In exchange, he offers the idea that we should have something that is an 'energy minimization' architecture; as I understand it, this would have a concept of the 'energy' of an entire response, and training would try and minimize that.

Which is to say, I don't fully understand this. That said, I'm curious to hear what ML researchers think about Lecun's take, and if there's any engineering done around it. I can't find much after the release of ijepa from his group.

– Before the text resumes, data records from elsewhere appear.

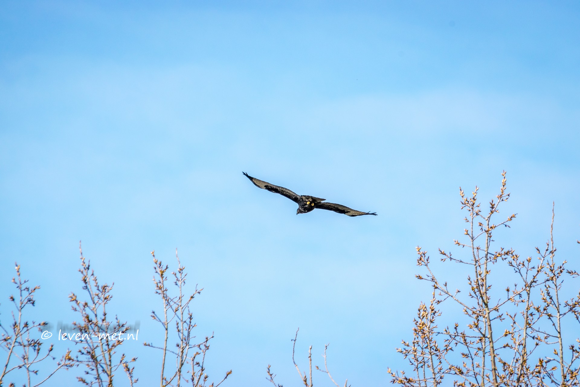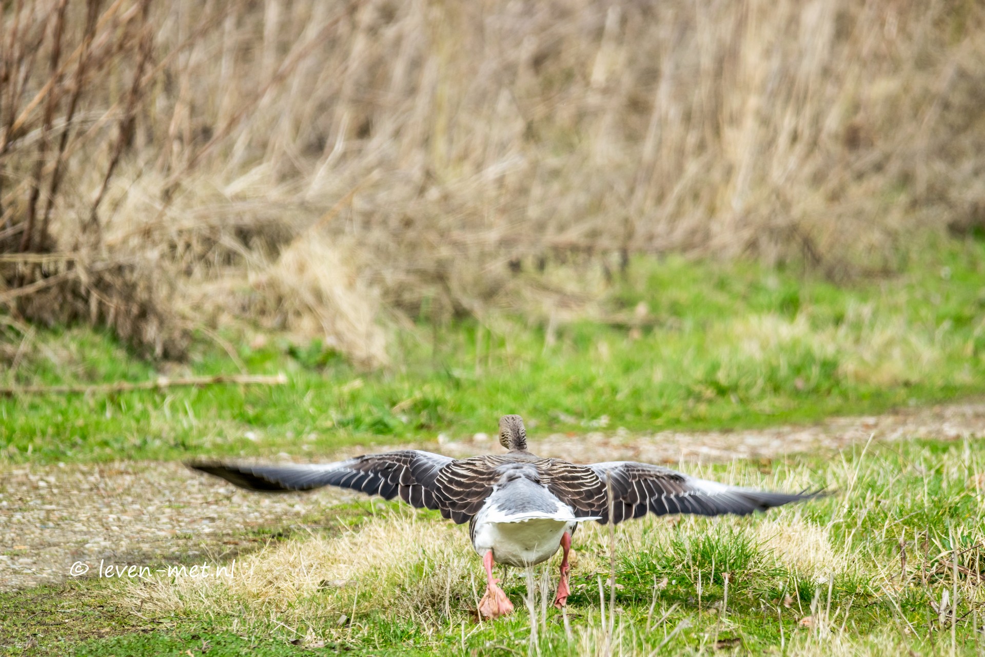 Een buizerd, een goudhaantje, en een koolmees. Wat een geluiden allemaal. En vlak bij het hekje staat een grauwe gans. Die uiteindelijk luidkeels wegrent en opstijgt.
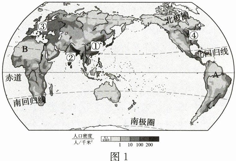 ,④为北美东部。(4分)(2)从海陆位置来看,世界人口稠密区主要分布在
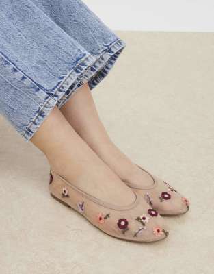 River Island Mesh floral embroidered ballet pumps in beige
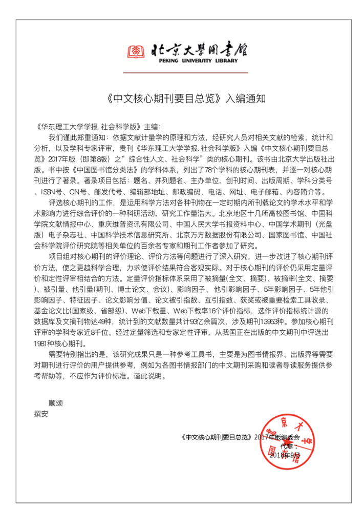 近日,《中文核心期刊要目总览》2017版编委会向公司社科版学报寄送了“入编通知”,公司学报首次列入《中文核心期刊要目总览》之“综合性人文、社会科学”类核心期刊。该书由北京大学出版社出版,2017年版(即第8版)从全国13953种中文期刊中评选出了78个学科、共计1981种核心期刊。
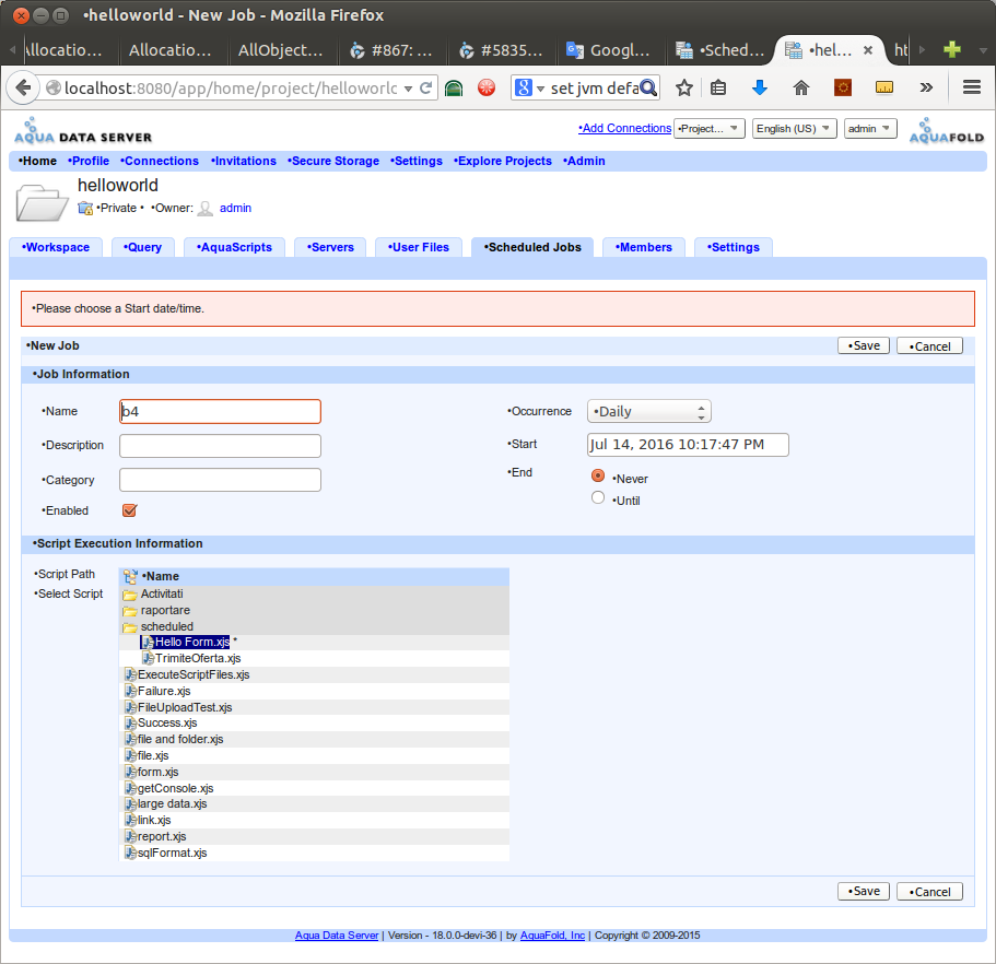 Step 2) Enter a name, "test" and select any AquaScript
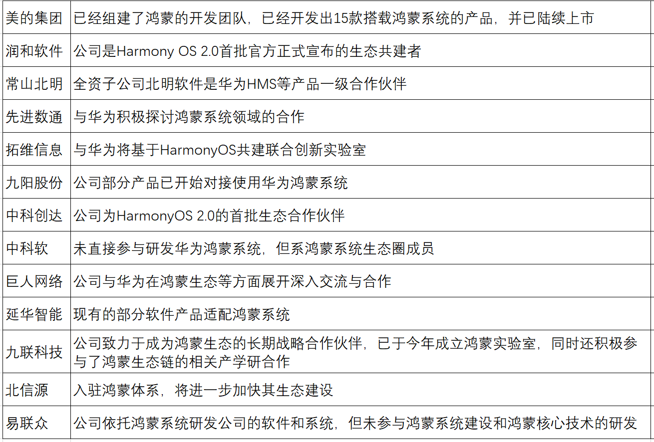 目前華為鴻蒙生態(tài)合作伙伴包括美的集團、潤和軟件、九陽股份等企業(yè),開發(fā)了眾多創(chuàng)新鴻蒙生態(tài)產品,涉及智能家居設備、智能運動健康設備、智能辦公設備等。從目前來看,接入鴻蒙操作系統(tǒng)的企業(yè)還是以小廠商為主。
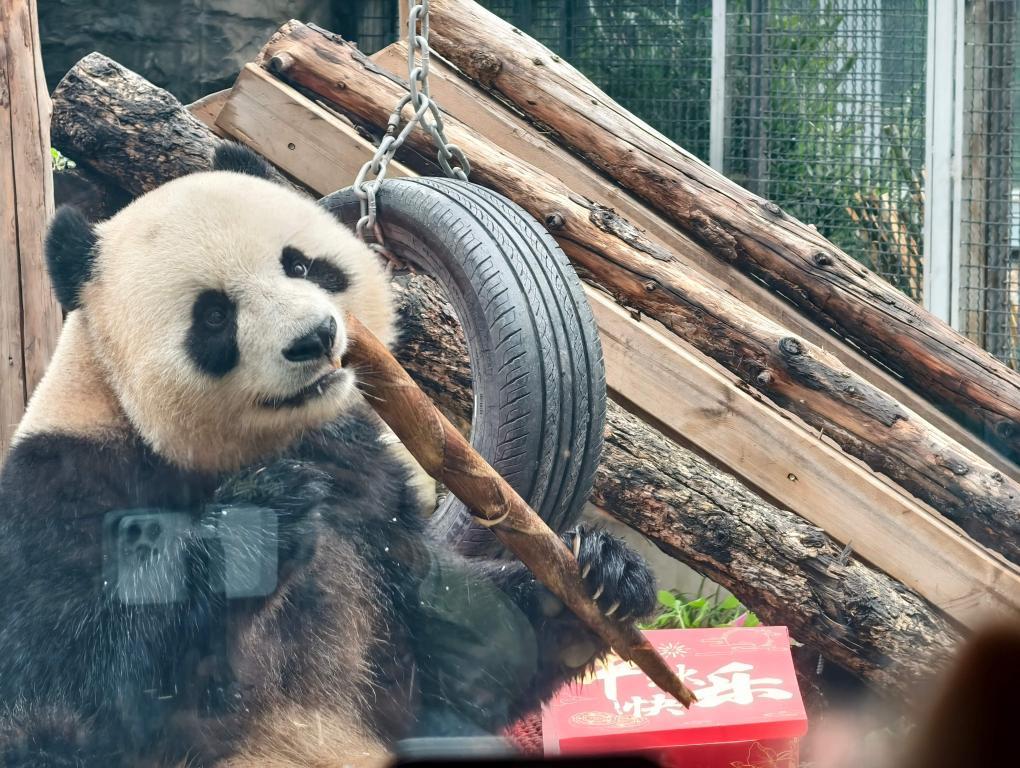 當天恰逢中秋佳節,北京動物園也為動物們送上了特色月餅。工作人員為大熊貓制作了“窩頭月餅”,為貘、羊駝送上了“苜蓿月餅”,為犀牛、河馬制作了“輪胎月餅”,為熊山的動物們制作了“雜食月餅”,一系列特色美食讓動物們也一起歡度佳節。

1. killthebuddha ◴[] No.43365456[source]
I've always felt like the argument is super flimsy because "of course we can _in theory_ do error correction". I've never seen even a semi-rigorous argument that error correction is _theoretically_ impossible. Do you have a link to somewhere where such an argument is made?
replies(3): >>43366044 #>>43367051 #>>43370111 #
2. aithrowawaycomm ◴[] No.43366044[source]
In theory transformers are Turing-complete and LLMs can do anything computable. The more down-to-earth argument is that transformer LLMs aren't able to correct errors in a systematic way like Lecun is describing: it's task-specific "whack-a-mole," involving either tailored synthetic data or expensive RLHF.

In particular, if you train an LLM to do Task A and Task B with acceptable accuracy, that does not guarantee it can combine the tasks in a common-sense way. "For each step of A, do B on the intermediate results" is a whole new Task C that likely needs to be fine-tuned. (This one actually does have some theoretical evidence coming from computational complexity, and it was the first thing I noticed in 2023 when testing chain-of-thought prompting. It's not that the LLM can't do Task C, it just takes extra training.)

3. vhantz ◴[] No.43367051[source]
> of course we can _in theory_ do error correction

Oh yeah? This is begging the question.

4. tyronehed ◴[] No.43370111[source]
As soon as you need to start leaning heavily on error correction, that is an indication that your architecture and solution is not correct. The final solution will need to be elegant and very close to a perfect solution immediately.

You must always keep close to the only known example we have of an intelligence which is the human brain. As soon as you start to wander away from the way the human brain does it, you are on your own and you are not relying on known examples of intelligence. Certainly that might be possible, but since there's only one known example in this universe of intelligence, it seems ridiculous to do anything but stick close to that example, which is the human brain.